To be very direct to the Minister, I think the petitioners will be incredibly disappointed with his response. They were asking how it can be that Palestinians have no safe routes to the UK when they have family here. The Minister has said a lot of words, but frankly I think members of the public watching will be thinking that they made very little sense. In particular, his comments about good availability of appointments in Cairo will have left people shouting at the TV screens they are watching this on. People cannot get to Cairo from Gaza. They are trapped. That is why people have started a petition for a Palestinian Gaza-specific scheme, similar to the one for Ukraine.
I would like to thank all colleagues for taking part in this debate. It has been really comforting to witness cross-party consensus and how we all spoke with one voice in support of this scheme. I think it is incredibly disappointing that the Government Minister did not follow the mood in the room. The comments about orphaned children in particular will stay with me for a very, very long time. Those children have absolutely nobody in this world. They might have a distant relative—an aunt or an uncle—here in the UK, but they do not qualify for any UK visa scheme.
I thank my right hon.
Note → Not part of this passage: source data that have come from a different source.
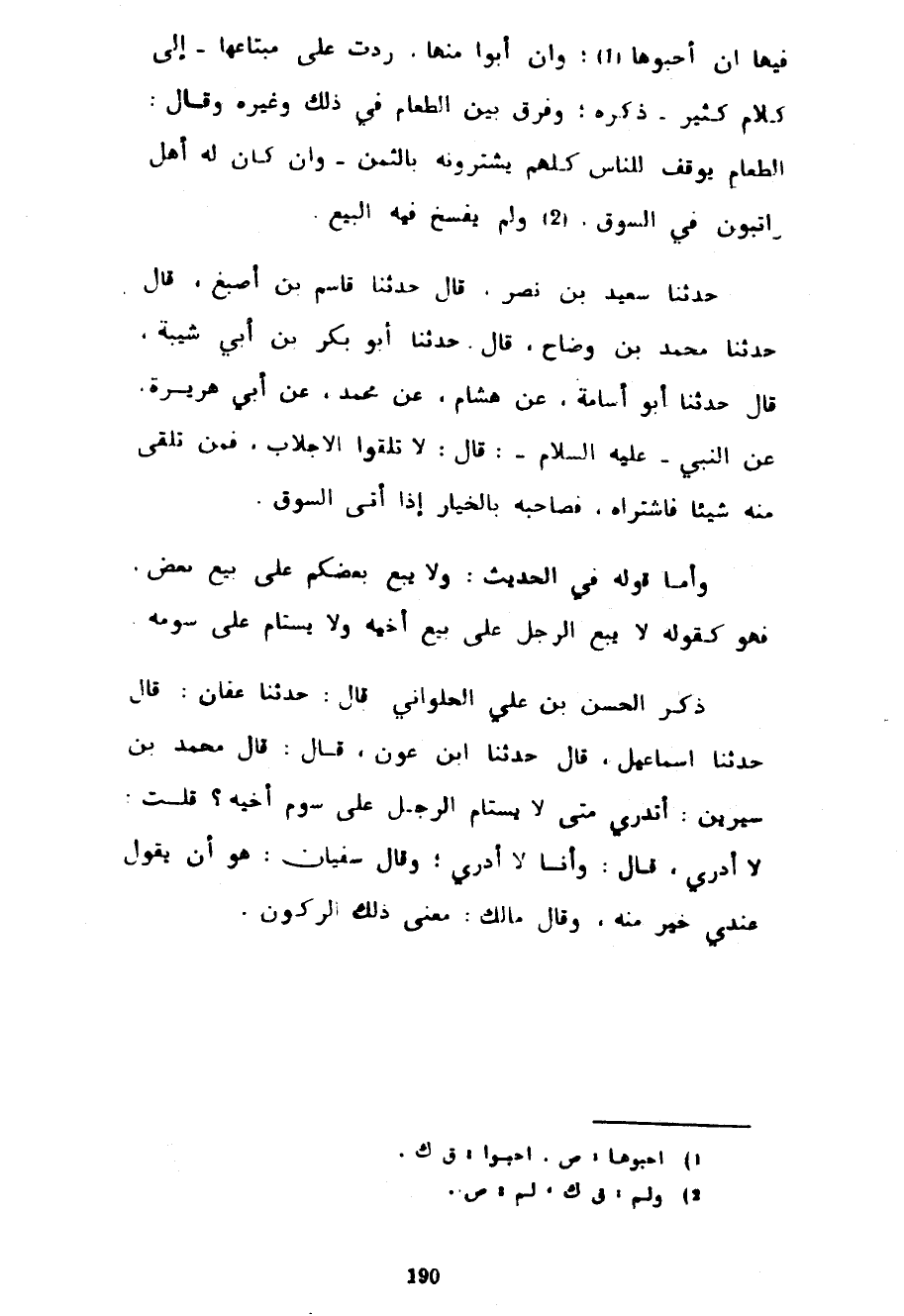 فِيهَا إِنْ أَحَبُّوهَا وَإِنْ أَبَوْا مِنْهَا رُدَّتْ عَلَى مُبْتَاعِهَا إِلَى كَلَامٍ كَثِيرٍ ذَكَرَهُ وَفَرَّقَ بَيْنَ الطَّعَامِ فِي ذَلِكَ وَغَيْرِهِ وَقَالَ الطَّعَامُ يُوقَفُ لِلنَّاسِ كُلِّهِمْ يَشْتَرُونَهُ بِالثَّمَنِ وَإِنْ كَانَ لَهُ أَهْلٌ رَاتِبُونَ فِي السُّوقِ وَلَمْ يُفْسَخْ فِيهِ الْبَيْعُ حَدَّثَنَا سَعِيدُ بْنُ نَصْرٍ قَالَ حَدَّثَنَا قَاسِمُ بْنُ أَصْبَغَ قَالَ حَدَّثَنَا مُحَمَّدُ بْنُ وَضَّاحٍ قال حدثنا بو بَكْرِ بْنُ أَبِي شَيْبَةَ قَالَ حَدَّثَنَا أَبُو أُسَامَةَ عَنْ هِشَامٍ عَنْ مُحَمَّدٍ عَنْ أَبِي هُرَيْرَةَ عَنِ النَّبِيِّ عَلَيْهِ السَّلَامُ قَالَ لَا تَلَقَّوُا الْأَجْلَابَ فَمَنْ تَلَقَّى مِنْهُ شَيْئًا فَاشْتَرَاهُ فَصَاحِبُهُ بِالْخِيَارِ إِذَا أَتَى السُّوقَ وَأَمَّا قَوْلُهُ في الحديث لا يَبِعْ بَعْضُكُمْ عَلَى بَيْعِ بَعْضٍ فَهُوَ كَقَوْلِهِ لَا يَبِعِ الرَّجُلُ عَلَى بَيْعِ أَخِيهِ وَلَا يَسْتَامُ عَلَى سَوْمِهِ ذَكَرُ الْحَسَنُ بْنُ عَلِيٍّ الْحُلْوَانِيُّ قَالَ حَدَّثَنَا عَفَّانُ قَالَ حَدَّثَنَا إِسْمَاعِيلُ قَالَ حَدَّثَنَا ابْنِ عَوْنٍ قَالَ قَالَ مُحَمَّدُ بْنُ سِيرِينَ أَتَدْرِي مَتَى لَا يَسْتَامُ الرَّجُلُ عَلَى سَوْمِ أَخِيهِ قُلْتُ لَا أَدْرِي قَالَ وَأَنَا لَا أَدْرِي وَقَالَ سُفْيَانُ هُوَ أَنْ يَقُولَ عِنْدِي خَيْرٌ مِنْهُ وَقَالَ مَالِكٌ مَعْنَى ذلك الركون
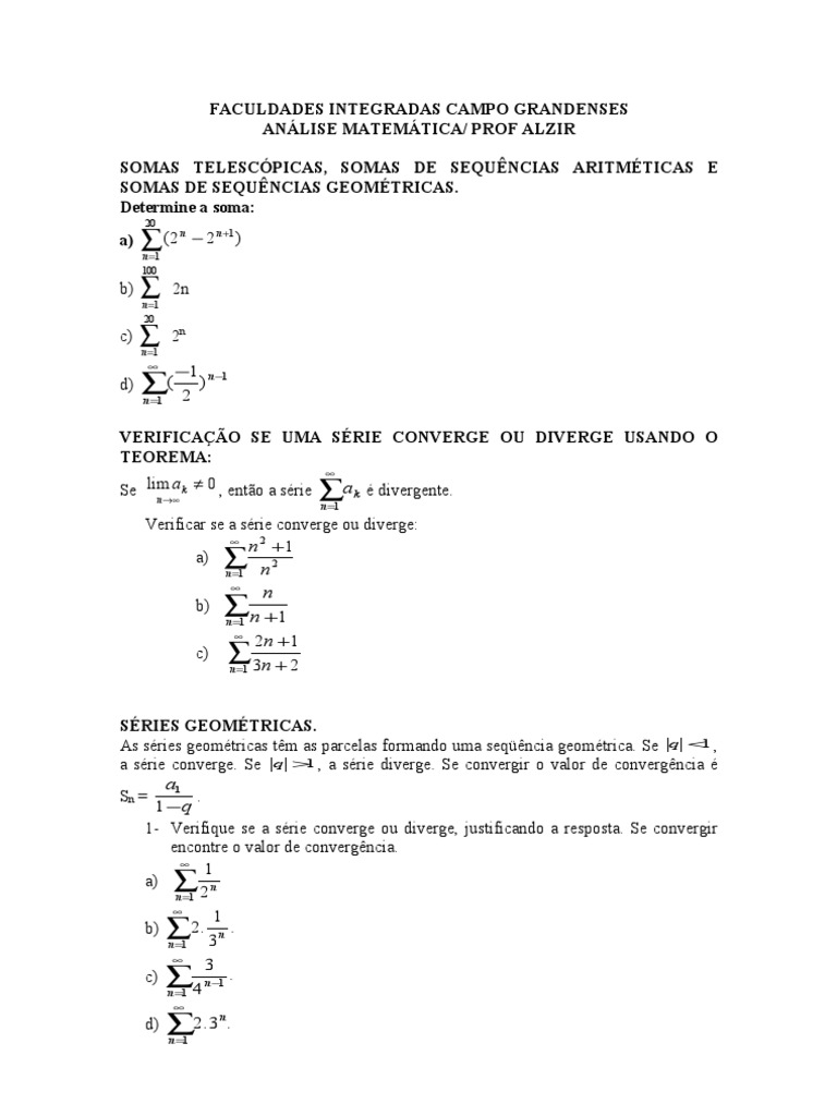 1- Verifique se a série converge ou diverge, justificando a resposta. Se convergir
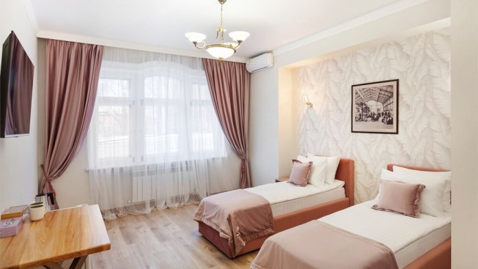В номере установлены две комфортные односпальные кровати с ортопедическими матрасами, которые обеспечат качественный сон и отдых, по запросу кровати можно соединить.
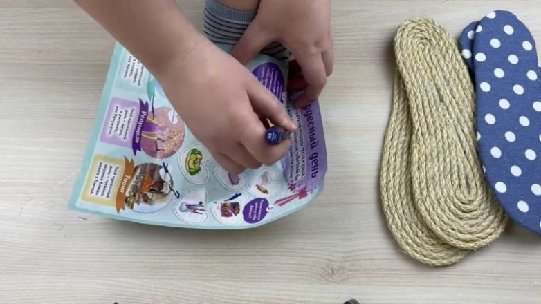 Плёнку приколите на пенопласт с помощью булавок. Возьмите горячий клей и приклейте по контуру подошвы шнур.
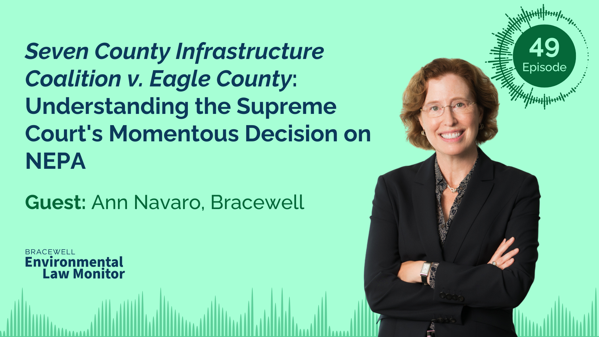 In this episode of the Bracewell Environmental Law Monitor, Ann Navaro joins hosts Daniel Pope and Taylor Stuart to discuss the implications of the Supreme Court’s ruling in Seven County Infrastructure Coalition v. Eagle County. They delve into the ruling’s clarifications on judicial deference and an agency’s obligations under NEPA. The trio also examine the potential impacts on infrastructure projects in light of this decision.
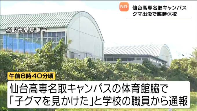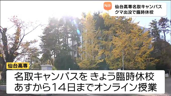 仙台高専はクマの出没を受け名取キャンパスを11日に臨時休校とするほか、12日から14日まではオンラインで授業を行います。
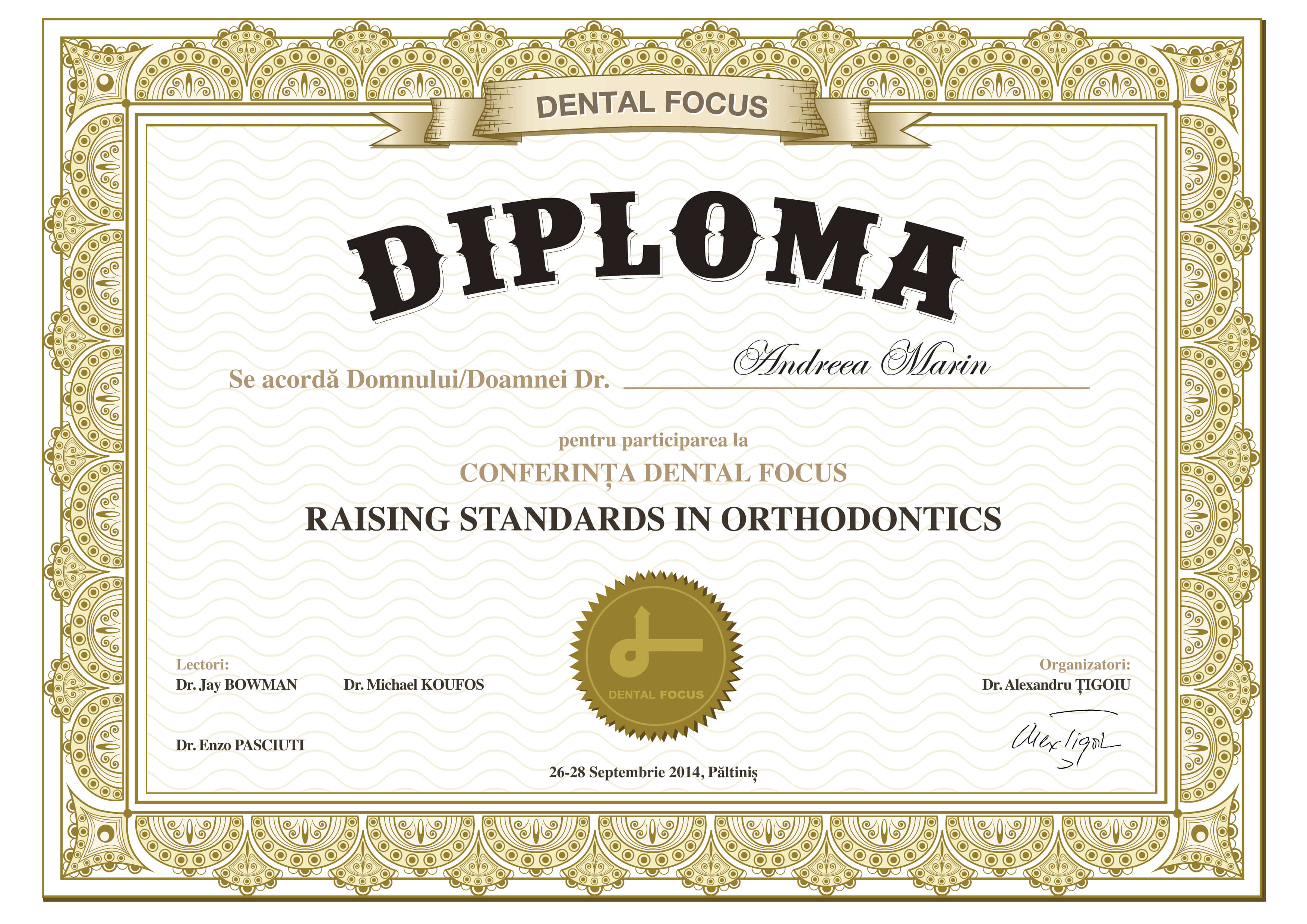 - Septembrie 2014 - Prof. Dr. Jay Bawman, Prof. Dr. Michael Koufos, Prof. Dr. Enzo Pasciuti ‐ ”Raising Standards in Orthodontics”
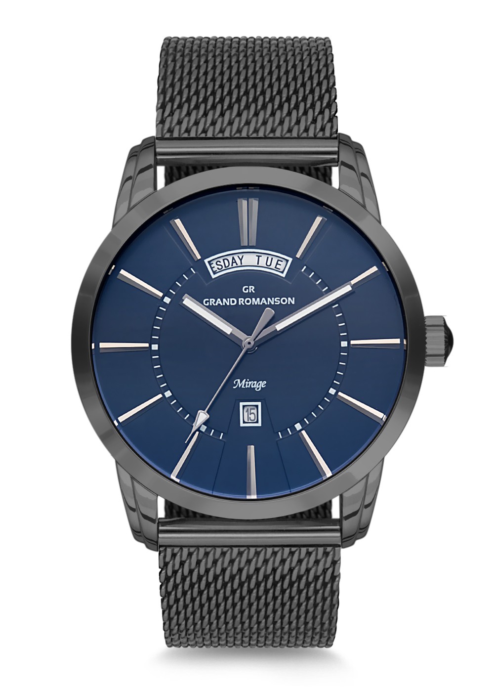 Erkek - Takvi̇mli̇ - Gümüş - Mavi̇ - Paslanmaz Masi̇f Çeli̇k - 3 Atm - Grand Romanson
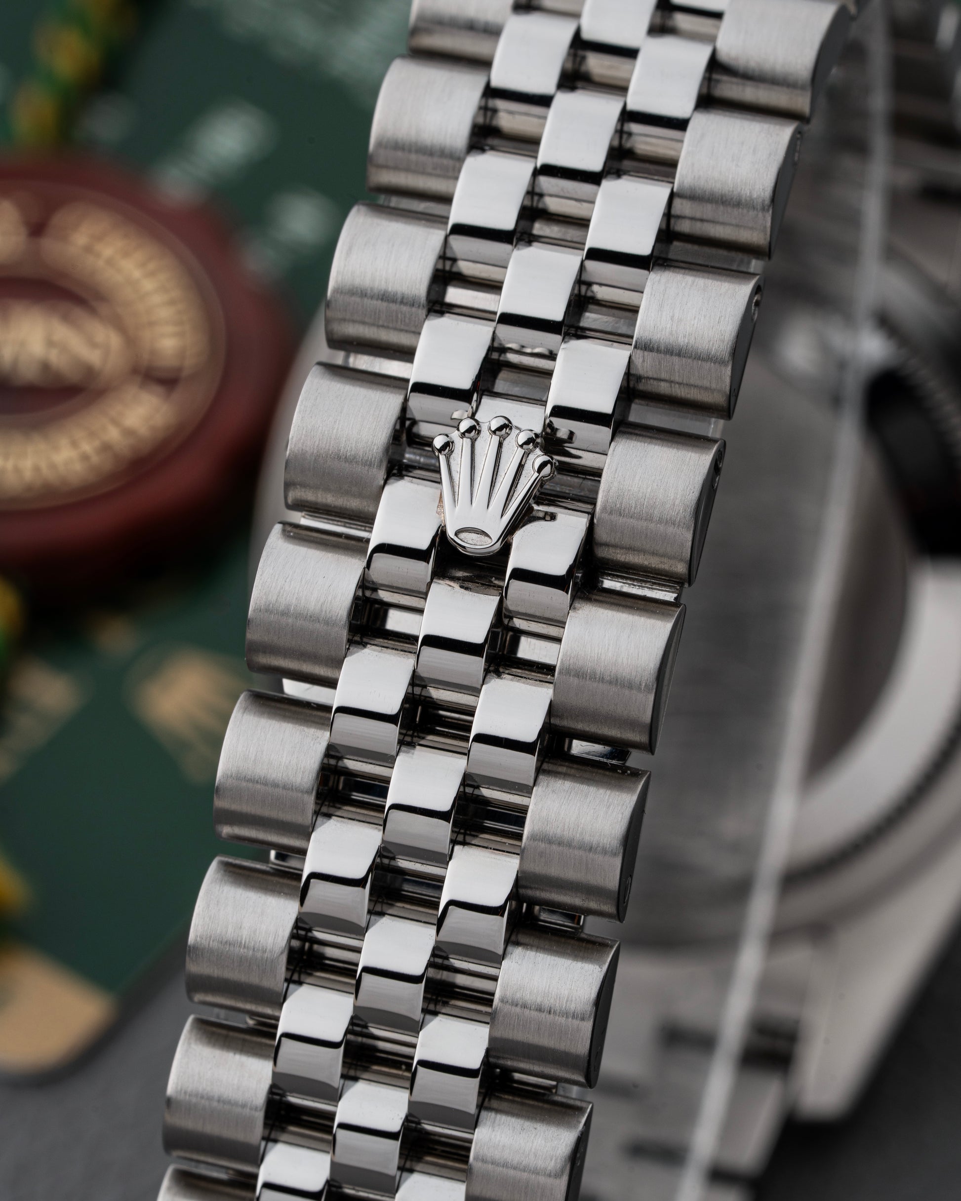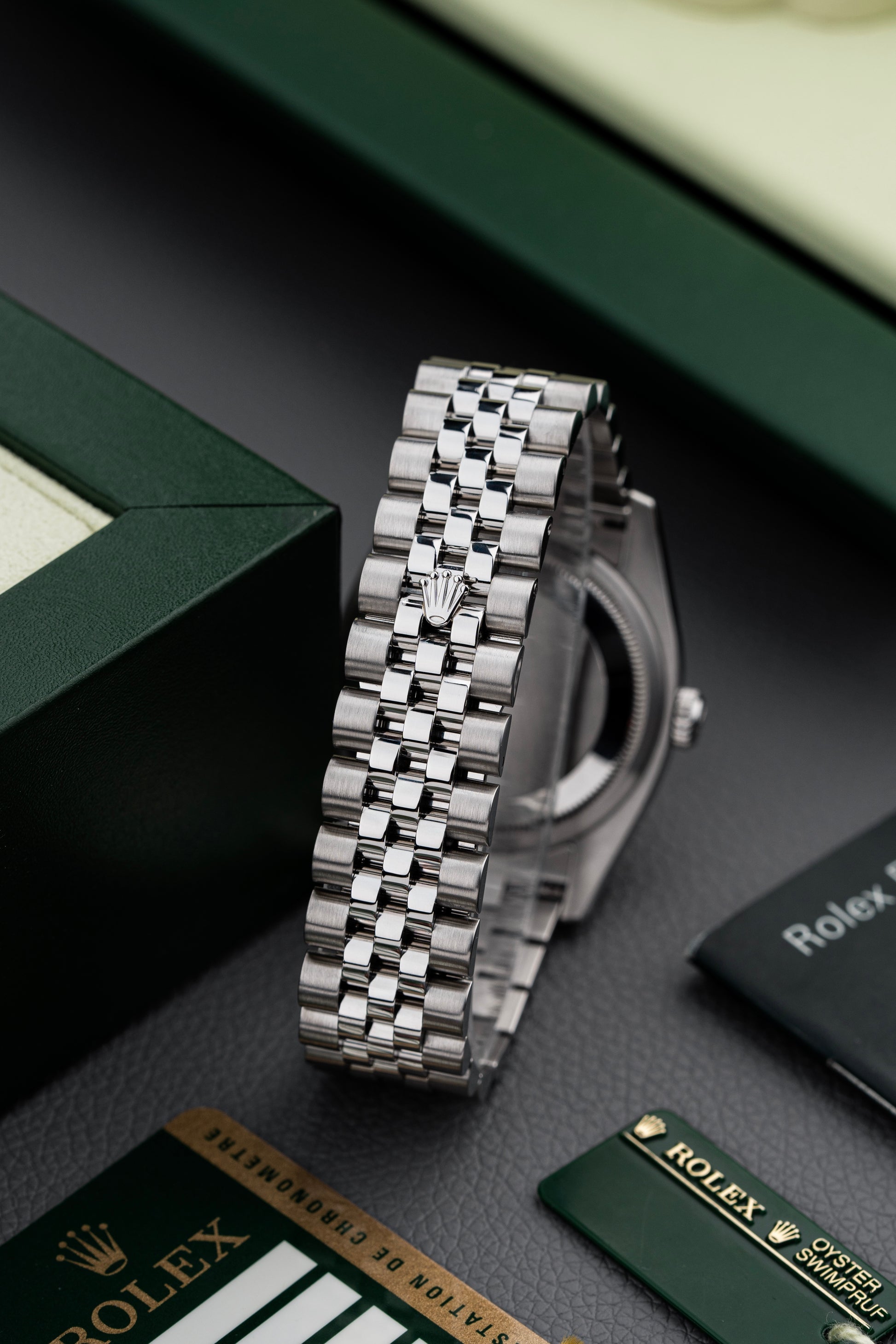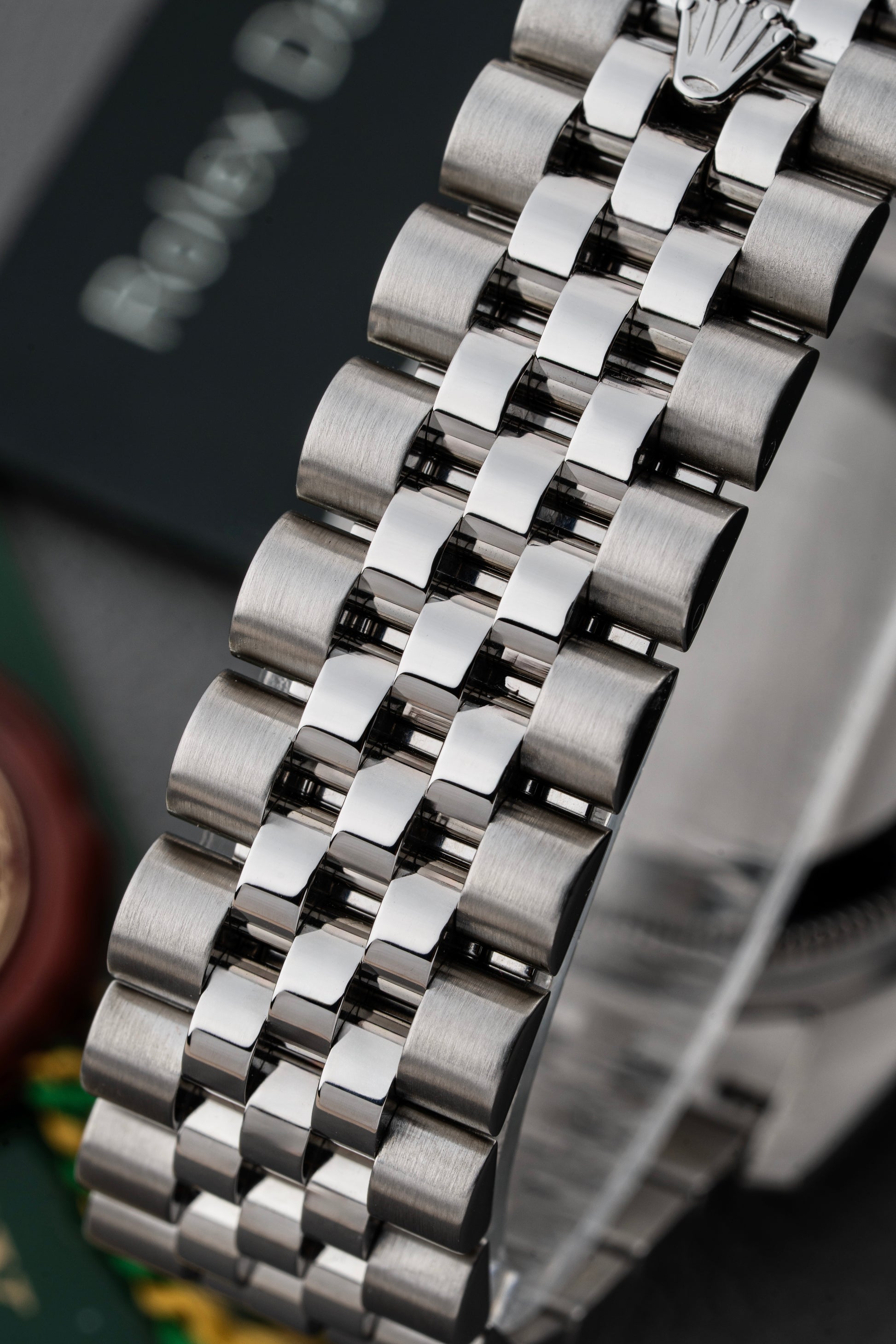 The oyster case is paired with a stainless steel jubilee bracelet. The bracelet features upgraded solid-links for a more robust feel and a concealed clasp, giving the watch a modern and sleek look.
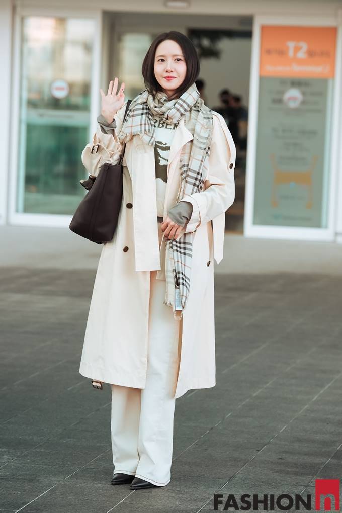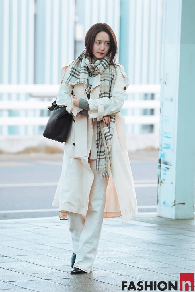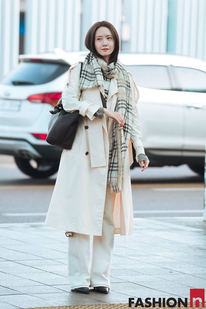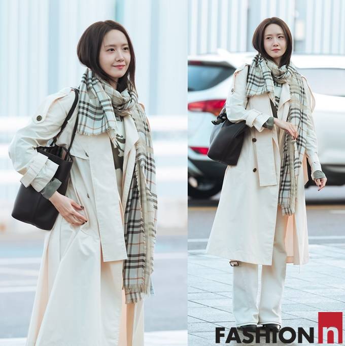이날 윤아는 전통적인 디자인의 클래식한 트렌치 코트와 여기에 체크 머플러를 무심하게 두른 트렌치 스타일로 눈길을 사로잡았다.
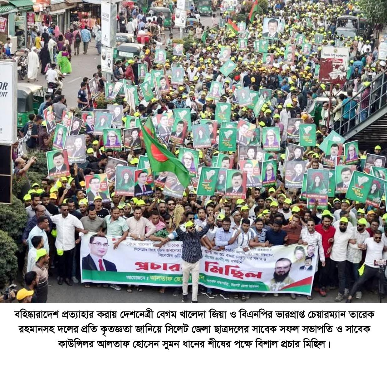 বহিষ্কারাদেশ প্রত্যাহার করায় দেশনেত্রী বেগম খালেদা জিয়া ও বিএনপির ভারপ্রাপ্ত চেয়ারম্যান তারেক রহমানসহ দলের প্রতি কৃতজ্ঞতা জানিয়ে বৃহস্পতিবার (১৩ নভেম্বর) বিকেলে সিলেট রেজিস্ট্রারী মাঠ থেকে সিলেট জেলা ছাত্রদলের সাবেক সফল সভাপতি ও সাবেক কাউন্সিলর আলতাফ হোসেন সুমন ধানের শীষের পক্ষে বিশাল প্রচার মিছিল করেন।

Friend the Member for Hayes and Harlington (John McDonnell) for the points he made about the children who have been injured very severely, and I urge the Minister to keep his word and follow up with him on that issue. Although it is does not relate specifically to the visa scheme, it is something the UK could do to try to foster more positive relations with the Palestinians, who will be looking right now at what this Government Minister has said and feeling incredibly let down and disappointed.
I thank everyone for taking part in this debate, which has been possibly the best-attended petitions debate I have had the privilege of introducing. I know that three hours is a lot of time to commit as a Member of Parliament, but I am sure that those who have taken part did so because of the passion that we all feel, as do the more than 100,000 people who signed this petition.
Question put and agreed to.
Resolved,
That this House has considered e-petition 648577 relating to a visa scheme for Palestinians.